IMPACT Datasets Enhance Students Learning
When planning the curriculum for the Data Analytics course at Rensselaer Polytechnic Institute (RPI) in the fall of 2020, lecturer Thilanka Munasinghe knew that access to real-world datasets was critical for maximizing student learning. Through conversations with late RPI professor Peter Fox, then the director of the Information and Technology and Web Science program, Munasinghe learned about the Earth observation datasets being generated by IMPACT researchers. He reached out to IMPACT project manager Rahul Ramachandran and requested access to some datasets his students could use to practice applying advanced data analysis techniques. Ramachandran and his team welcomed this collaborative opportunity and provided the students with several datasets.

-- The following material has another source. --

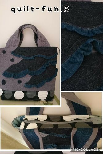 大人かわいい感じの布にミシンキルトをして少し刺繍も入れてみました。底はタックをとってます。明日、60代の方の元にお嫁入り✨

Because they harbor an abundance of data, satellite image collections provide a natural opportunity to use machine learning (ML) models to identify individual events and patterns. In particular, students sought to harness the deep learning mechanisms of neural networks and other image processing methods to classify images into categories. They used IMPACT-provided ML training datasets to select and study a variety of meteorological and atmospheric phenomena including cloud formations, dust deposition, and cyclones. The datasets were created using the ImageLabeler tool developed by IMPACT to streamline how Earth science phenomena are identified in images.
Munasinghe’s students capitalized on the chance to work with real data. Throughout the semester they trained and tested ML models and analyzed their relative success. Several student research projects generated publication-worthy results that were included in proceedings from the Institute of Electrical and Electronics Engineers (IEEE) International Conferences on Big Data in 2020 and 2021.
Student Ariane Maharaj used images with hand-curated labels created and stored in ImageLabeler as the basis for her project. IMPACT researchers originally sourced the data from NASA’s Global Imagery Browse Service (GIBS) using the Web Map Tile Service (WMTS). Studying the images allowed Maharaj to assess how high-latitude dust in parts of Alaska, Iceland, and Patagonia affects precipitation quantity and frequency. Combining Moderate Resolution Imaging Spectroradiometer (MODIS) images with the data received from IMPACT and NASA Global Precipitation Measurement Mission (GPM) data, modeling outputs from correlation and decision tree analysis indicated a possible negative correlation between dust events and precipitation.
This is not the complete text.